The government of Alberta has granted C$2m ($1.5m) towards a feasibility study into a Canada’s first “hydrogen community”, a brand new housing development that the project sponsors say will be 100% powered by H2.

Hydrogen: hype, hope and the hard truths around its role in the energy transition
Will hydrogen be the skeleton key to unlock a carbon-neutral world? Subscribe to the weekly Hydrogen Insight newsletter and get the evidence-based market insight you need for this rapidly evolving global market

Hydrogen heating has proved controversial in Europe, as some residents raise concerns about the high cost of hydrogen, safety and the sustainability of H2 supply.

The Bremner Hydrogen Community will be an entirely new neighbourhood on the outskirts of the city of Edmonton, which could ultimately house 85,000 people, expanding the city’s population by 8%.

The cash, granted by local development agency Alberta Innovates as part of a C$20m package of hydrogen-related grants, will fund both a feasibility study into the project as well as at least one demonstration home, Hydrogen Insight understands.

But the “100% hydrogen” label does not extend to the power supply, which will be delivered from the province’s grid and maybe onsite solar, said Canadian gas company ATCO, which is running the project with real estate developer Qualico.

Final investment decision is scheduled for the end of the two-year study, with the first houses occupied by the end of 2025, ATCO said.

The houses can be expected to sell for the same money as an equivalent gas-connected home, the company said. But it was unable to say how hydrogen running costs would compare to fossil gas, noting that this is in the gift of the provincial government which is still working on a regulatory regime for H2.

No decision has been made on where the hydrogen for the housing development would come from — ATCO said this would be one of the questions addressed in the feasibility study — but the developers are considering a range of options, including on-site production, sourcing from a third party and delivering the H2 by pipeline, or a combination of the two.

“The decision will be based on a combination of security of supply, capacity, scalability, carbon intensity, and commercial considerations,” a spokesman told Hydrogen Insight.

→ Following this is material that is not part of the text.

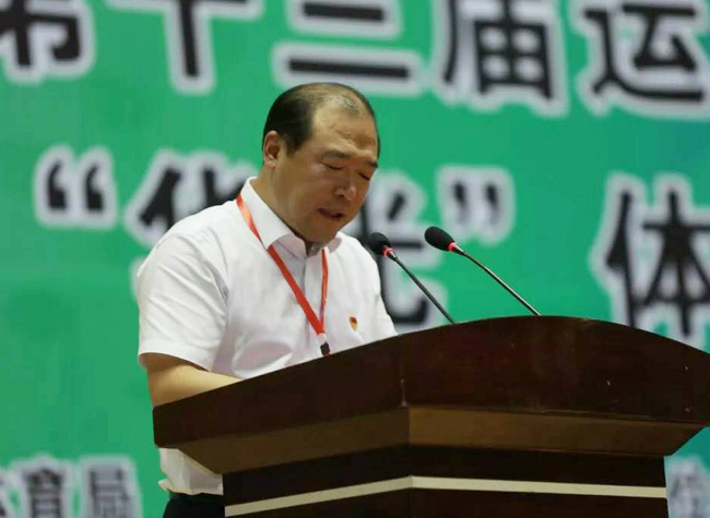 中国大学生体育协会跆拳道分会副主席、河南省学生体育总会跆拳道协会主席、365官网党委副书记储建新致辞

But the firm appears to be leaning towards using Alberta-sourced blue hydrogen made with fossil gas and carbon capture and storage (CCS), which it claims will be cost competitive with fossil gas by 2030 as a result of Canada’s carbon tax, currently around C$50/tonne.

“Alberta is one of the lowest cost jurisdictions globally for H2 production and has a mature CCUS [carbon capture utilisation and storage] industry inclusive of capture, pipeline, and sequestration infrastructure,” a spokesman for ATCO told Hydrogen Insight.

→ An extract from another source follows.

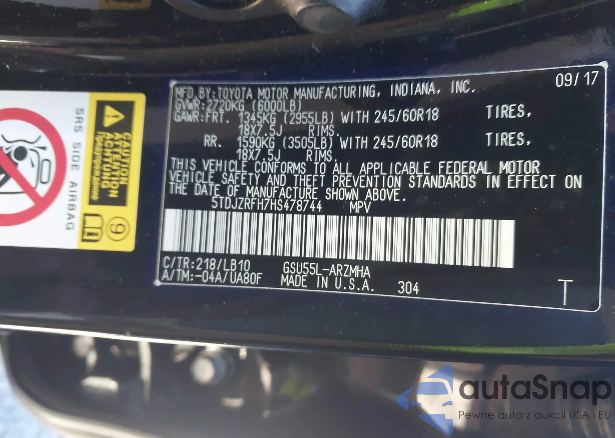 • VIN 5TDJZRFH7HS478744
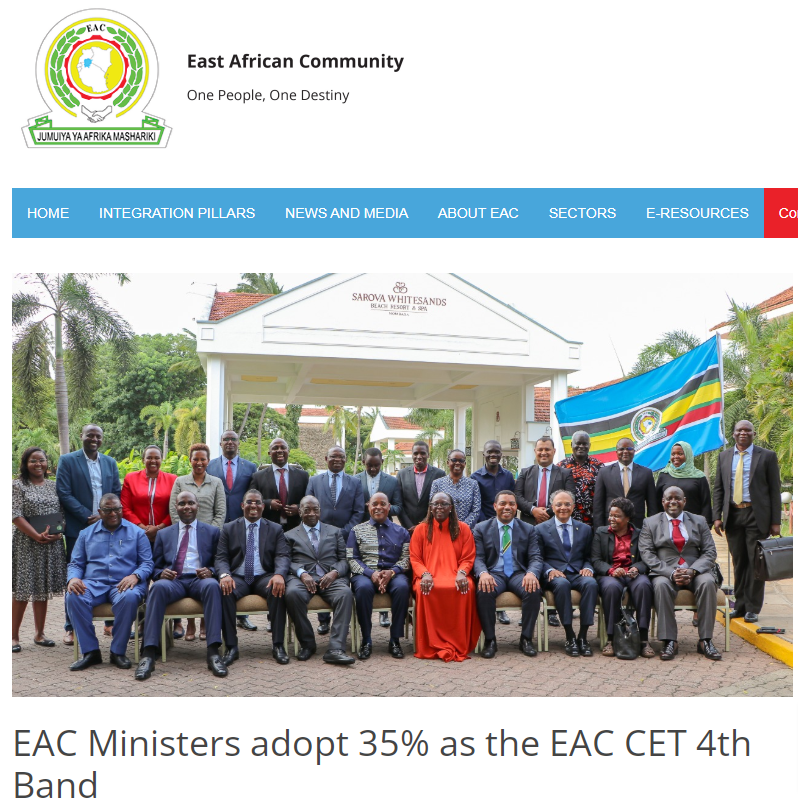 今年7月1日起,东非共同体正式实行第四档35%的共同对外关税(Common External Tariff,CET)的决定,计划纳入的商品包括:乳制品、肉产品、谷物、食用油、饮料和酒类、食糖及糖果、水果、坚果、咖啡、茶叶、鲜花、调味品、家具、皮革品、棉纺织品、服装、钢铁产品和陶瓷产品等。这里解释一下,东非共同体成员包括:肯尼亚、乌干达、坦桑尼亚、布隆迪、卢旺达、南苏丹和刚果民主共和国这7个东非国家。目前,东共体共同对外关税(CET)税率分三档,终端消费品25%、中间产品10%、原材料和资本货物0%。初衷是保护本地制造业免受廉价进口的竞争。东共体现任秘书长彼得·马图基(Peter Mathuki)称,这次实行35%的共同对外关税是朝着促进工业部门发展和实现非洲大陆自由贸易区(AfCFTA)利益最大化迈出的积极一步,此举将通过鼓励发展当地制造业以及提高产品附加值和工业化程度来刺激区域内贸易发展。当地媒体称,最高共同对外关税税率由25%提升至35%后,东共体区域内贸易收入将增加1890万美元,就业率提升0.03%,各成员国贸易收入增加5.5%。

“The lifecycle carbon intensity of the hydrogen produced from these projects is estimated to be 90-95% lower than natural gas.”

The province is a massive oil and gas hub, playing host to a multitude of fossil fuel developers as well as Shell’s flagship Quest CCS hydrogen production facility in Edmonton.

However capture rates at Quest are estimated at around 48%, far below the 90% benchmark usually touted by blue H2 proponents.

Alberta Innovates also handed out cash to 18 other hydrogen research and innovation projects in the province, including a methane pyrolysis scheme run by Aurora Hydrogen, and four hydrogen blending projects, including one run by TransCanada, which operates giant transnational pipelines across the US, Canada and Mexico.

Funding was also extended to an ammonia project, a hydrogen engine retrofit programme and several hydrogen storage schemes.

And ATCO has also received C$876,000 to build a hydrogen-fuelled operations centre at its hydrogen blending facility in Fort Saskatchewan. The company is blending up to 5% H2 into a small section of its local gas network.

The funding announcement comes as European countries face an uphill battle to instigate domestic hydrogen heating demonstrations, on the back of warnings that hydrogen is both more expensive, less efficient and potentially less safe than fossil gas or heat pumps.

In the UK, plans to roll out a hydrogen trial in the north of England has led to a householder rebellion in the trial zone, while in Scotland the gas distributor behind a green H2 domestic demonstration project has had trouble getting volunteers to sign up for it.

And the European Parliament recently voted to make “all efforts” to avoid using hydrogen in domestic heating.

But in Germany and the Netherlands, trials to test hydrogen heating in small communities are well underway.